Acutely drawn personalities, snappy dialogue, and plenty of humor have reliably characterized the stage work of John Patrick Shanley (Doubt, Moonstruck) over time. That’s what makes the strained and confused The Pushover, his new full-length one-act, so disappointing. A zany story of three women entangled in an erotic web of business, crime, and relationship chaos, it might conceivably have worked if it had gone all the way into absurdity. But played straight, this script and these characters with all their yelling just don’t make sense.
That forces the cast, which includes Rebecca De Mornay of ’80s and ’90s movie fame, to have to work too hard – to act too hard – trying to manifest depth and pathos that simply aren’t there. The Pushover did mostly hold my attention, but mostly because I kept expecting the story to click somehow, for logic or at least sense to emerge.
De Mornay plays Evelyn, a manipulative, cruel and possibly sociopathic woman who has escaped a marriage to an apparently equally awful man into a series of relationships with women. Though she has no empathy for others, we do come to see Evelyn’s own vulnerability and a long-hidden key to her personality eventually. But the play and De Mornay’s fiery yet somehow static performance don’t give us reason to care.

Christina Toth (Shawn Salley Photography)
First, though, me meet Pearl (hotly embodied by Di Zhu), an ex of Evelyn’s who remains under the older woman’s sway. To a therapist (played woodenly by Christopher Sutton) she unpeels some of her psyche: She’s a chef and entrepreneur, religious and volatile.
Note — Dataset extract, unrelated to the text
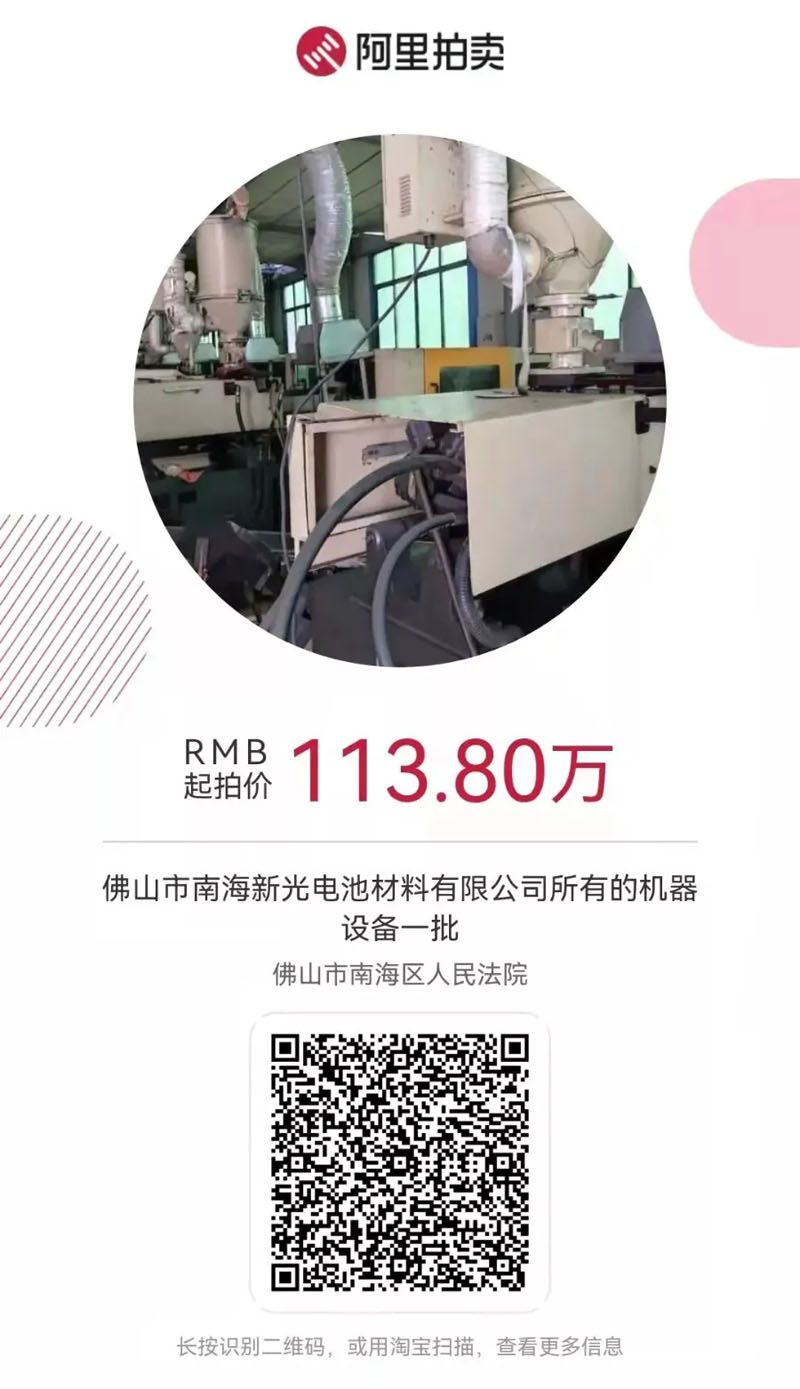 佛山市南海新光电池材料有限公司所有的机器设备一批,起拍价113.8086万元,评估价162.5836万元。

Then we’re at Evelyn’s residential spa where Evelyn has summoned Soochi (Christina Toth), an ex-lover and business partner of Pearl’s who has fleeced Pearl out of all her money. Toth’s performance is satisfyingly dangerous for a while, making the story come to life briefly and haltingly, but as the tale grows more unlikely, we start to realize that all that acting is signifying nothing much. Pearl especially is a figure I found myself really wanting to like, but her stubbornness and inability to see what was right in front of her grew impossible to believe after a while – the character isn’t given adequate realistic depth.
The story ultimately tries to draw a dichotomy between “good” and “bad” people. The mystery is whether Soochi is truly a manipulative schemer, like Evelyn, or whether she has a heart, or a “soul” in the play’s parlance, that’s merely been subsumed by desperate circumstances. Pearl, for her part, refuses to believe that either of the other women is a truly bad person, even in a climactic scene where violence breaks out. And what about Pearl herself? Her hands aren’t exactly clean in all the mishigas. But none of it makes character-sense any more than the play makes story-sense.
The laughs are few and of the cheapest insult-comedy kind. We wait and wait for something to solidify. In the end it’s not Soochi who lacks a soul, nor Evelyn. It’s The Pushover.
The Pushover is at the Chain Theatre through April 26.